To: jtc at redback dot com
Subject: Re: Standard GDB Remote Protocol
From: Steven Johnson <sbjohnson at ozemail dot com dot au>
Date: Thu, 02 Dec 1999 14:23:54 +1000
CC: gdb at sourceware dot cygnus dot com
References: <199911090706.CAA13120@zwingli.cygnus.com> <199911102246.RAA01846@mescaline.gnu.org> <npr9hi321d.fsf@zwingli.cygnus.com> <199911231303.IAA01523@mescaline.gnu.org> <npr9hg2a9t.fsf@zwingli.cygnus.com> <199911251715.MAA09225@mescaline.gnu.org> <npzovvc04o.fsf@zwingli.cygnus.com> <199912010821.DAA27130@mescaline.gnu.org> <npogca9tb8.fsf@zwingli.cygnus.com> <3845AB0E.3795D99E@ozemail.com.au> <5md7sql00o.fsf@jtc.redbacknetworks.com>

"J.T. Conklin" wrote:
> 
> Since you're putting up your hand, would you be willing to review the
> protocol spec and point out areas that are ambiguous, confusing, need
> revising, etc?  
> 

Following is a Hopefully Constructive Critique, of the GDB Remote
Protocol.

It is based on my First Read of the current online version of protocol
specification at:
http://sourceware.cygnus.com/gdb/onlinedocs/gdb_14.html

In my Critique, I am not posing real questions when I discuss subjects.
What I am doing is hi-lighting areas where I have questions in my own
mind, where I find the description of the protocol lacking. The answers
will probably be present in the current implemented code and stubs, and
I have not yet looked for those answers. Nor do I wish to, until my
initial analysis of the Protocol is complete. I do not wish to taint my
understanding of the written words of the protocol with Black Knowledge
gleaned from the source. Further my critique is not a criticism of the
hard work that people have already done to get the
documentation/GDB/protocol to this state. Further it is obvious from my
first read of the protocol is that it has undergone extensive evolution,
and I have taken this into consideration.

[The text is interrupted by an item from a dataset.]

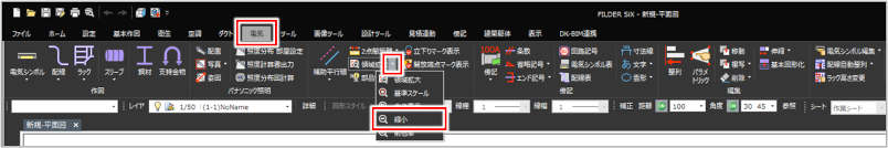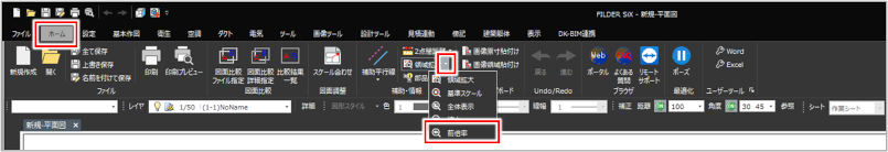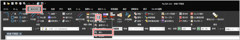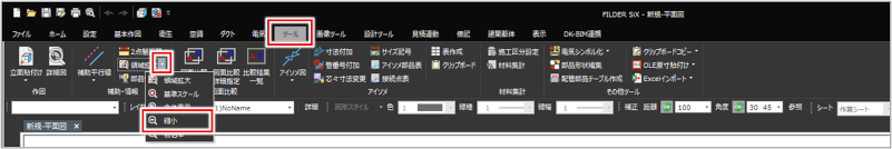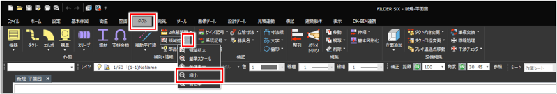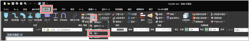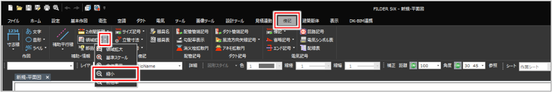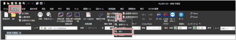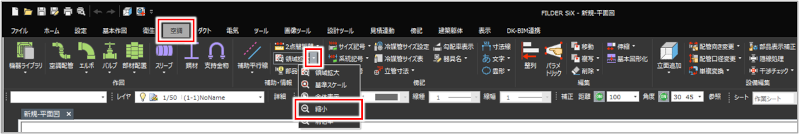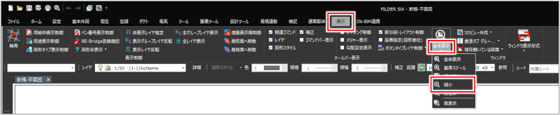 [ホーム]タブ>[領域拡大]プルダウンメニュー>[縮小] [基本作図]タブ>[領域拡大]プルダウンメニュー>[縮小] [衛生]タブ>[領域拡大]プルダウンメニュー>[縮小] [空調]タブ>[領域拡大]プルダウンメニュー>[縮小] [ダクト]タブ>[領域拡大]プルダウンメニュー>[縮小] [電気]タブ>[領域拡大]プルダウンメニュー>[縮小] [ツール]タブ>[領域拡大]プルダウンメニュー>[縮小] [画像ツール]タブ>[領域拡大]プルダウンメニュー>[縮小] [傍記]タブ>[領域拡大]プルダウンメニュー>[縮小] [建築躯体]タブ>[領域拡大]プルダウンメニュー>[縮小] [表示]タブ>[全体表示]プルダウンメニュー>[縮小] |

Any comments I make on ways to fix things are simply my attempt at
understanding the problem. They do not represent a request or proposal
to change anything in the protocol, they are presented as part of the
thought process I underwent when analysing the protocol. They also
indicate areas where I have concerns with my understanding of the
protocol as documented.

Packet Structure:

Simple structure, obviously originally designed to be able to be driven
manually from a TTY. (Hence it's ASCII nature.) However, the protocol
has evolved quite significantly and I doubt it could still be used very
efficiently from a TTY. That said, it still demarks frames effectively.

Sequence Numbers:

Definition of Sequence ID's needs work. Are they necessary? Are they
deprecated? What purpose do they currently serve within GDB? One would
imagine that they are used to allow GDB to handle retransmits from a
remote system. Reading between the lines, this is done to allow error
recovery when a transmission from target to host fails. Possible
sequence being:

<- $packet-data#checksum
-> +
-> $sequence-id:packet-data#checksum (checksum fails or receive timeout
halfway through packet).
<- -sequence-id
-> $sequence-id:packet-data#checksum
<- +sequence-id

When do the sequence-id's increment? Presumably on the successful
receipt of the +sequence-id acknowledgement.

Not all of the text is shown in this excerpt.